Каждая собака в местечке знает об этом. Пол-Горая уже посмеивается над реб Иче-Матесом. От стыда он молится в синагоге за печкой, закрывает лицо талесом, чтобы не слышать насмешек черни. Сторонники пытаются ему помочь. Благочестивый реб Гудл приводит реб Иче-Матеса к себе домой, кормит его жареным чесноком и горохом без соли, чтобы придать сил. Нейхеле поучает девушку, как пробудить в муже желание. По обычаю, положено провожать молодых в постель до тех пор, пока они не станут мужем и женой. На вечернюю трапезу собирается вся компания. Женщины тоже приходят. Рейхеле, от смущения красная, будто ей надавали пощечин, сидит в белом подвенечном платье и украшениях, ведь она все еще невеста. Сапожник-шут пытается развеселить гостей. Чтобы расшевелить их, он даже позволяет себе несколько сальных шуток. Реб Иче-Матес, в атласном кафтане, то и дело утирает платком пот с горящего лба. Он едва пробует яства, которые ему подносят, глотает с отвращением, через силу. Видно, что куски застревают у него в горле. Когда с ним заговаривают о супружеском долге, он кивает головой, моргает своими рыбьими глазами и мямлит:
– Ну да… Конечно…
Днем к нему посылают ешиботников, чтобы они его приободрили. Гости загадывают друг другу загадки, играют в волка и козу, в шахматы и даже в кости. Одни показывают свое мастерство в каллиграфии, другие лепят из хлебного мякиша зверей и птиц. У кого есть голос, поют, прочие упражняются в остроумии. Есть и те, кто силен в светских науках. Они рассказывают о былых войнах, о которых прочитали в «Йосипоне» [26]26
Анонимное историческое произведение на древнееврейском языке, созданное в Италии в X в.

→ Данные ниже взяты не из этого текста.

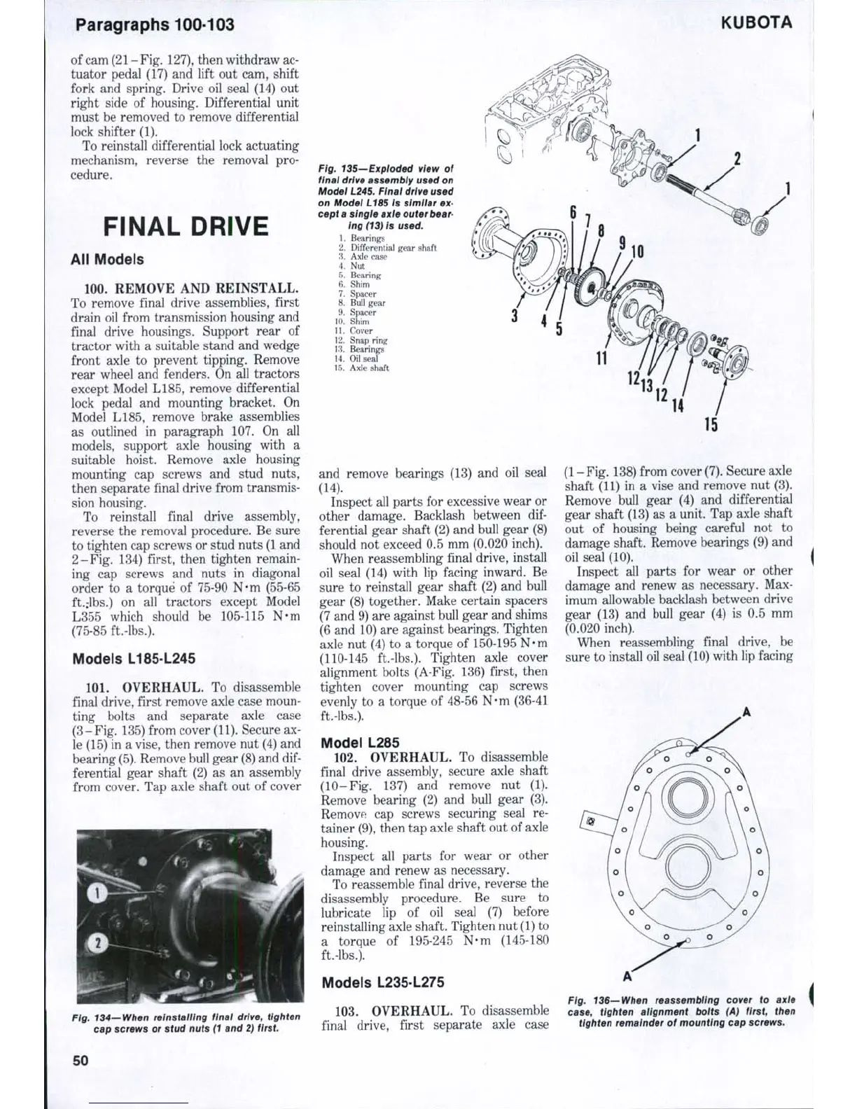 Fig. 134—When reinstatUng final drive, tighten
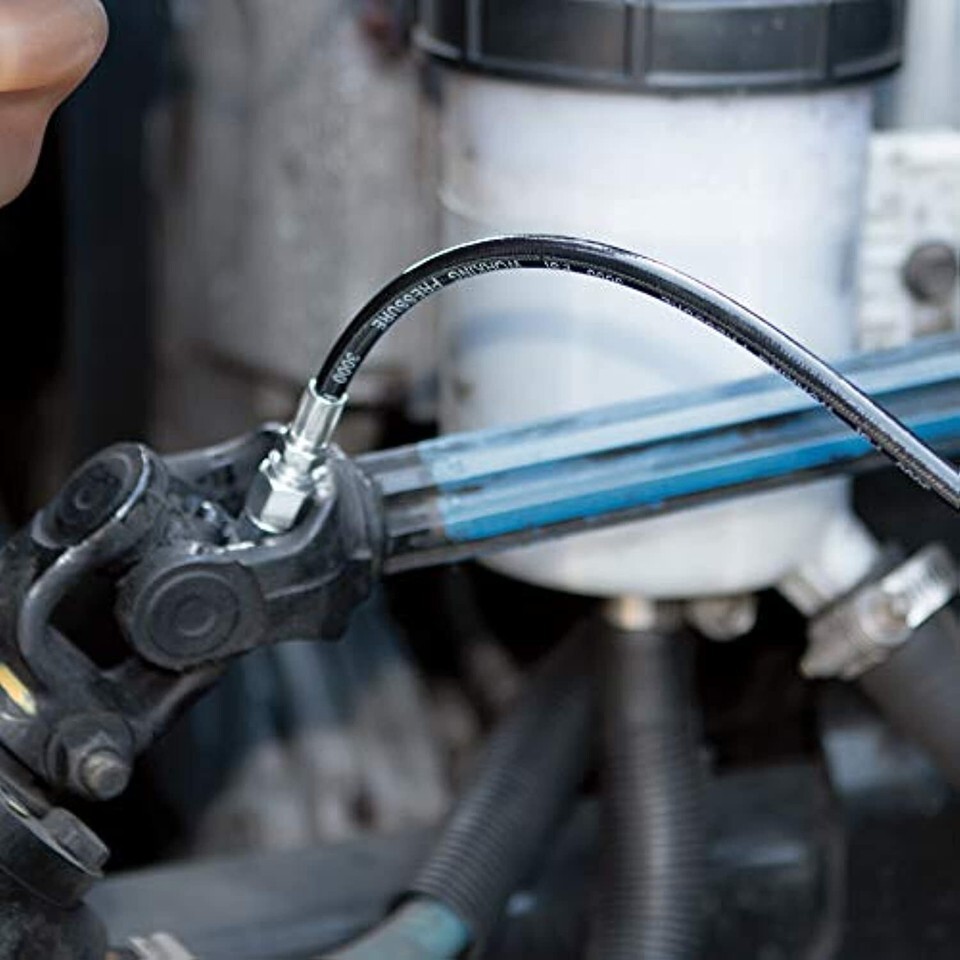 Performance Tool W54211 18" Flex Grease Gun Hose Extension With Coupler, 4,500 Working PSI (1/8 NPT) Performance Tool 18" hose for hard to reach areas For use with hand and air powered grease guns Size: 18" Working Pressure (PSI): 4,500 Features 18" hose for hard to reach areas. For use with hand and air powered grease guns. Size: 18" Working Pressure (PSI): 4,500 Burst Pressure (PSI): 10,000 USA SHIPPING estimates delivery times and we work to get your item to you as quickly as possible and within those times, but please know it may take slightly longer than the estimate.

[Закрыть], о чудных обычаях герцогов и рыцарей, о польском князе Вишневецком, защитнике евреев, который сажал на кол казаков. С удовольствием рассуждают о люблинских ярмарках, где можно купить редчайшие книги и рукописи, золото и драгоценности, куда съезжаются богатейшие люди Польши и Литвы, Германии и Чехии, чтобы найти женихов своим дочерям. Кто-то даже принес скрипку, немного поиграл. Реб Иче-Матес сидит среди парней, усталый, безучастный, смотрит куда-то в сторону поверх голов. Время от времени выдергивает из бороды волосок, подносит к глазам, задумчиво изучает его и кладет между страницами «Зогара». В конце концов роняет голову на грудь и сидя засыпает. Его руки бессильно висят вдоль тела, бледный нос будто не дышит. Гости расходятся, посмеиваясь в кулак. Вечером реб Иче-Матеса вызывают на суд, твердят ему:
– Как же так, реб Иче-Матес?! «Плодитесь и размножайтесь!» Это ж основа основ!..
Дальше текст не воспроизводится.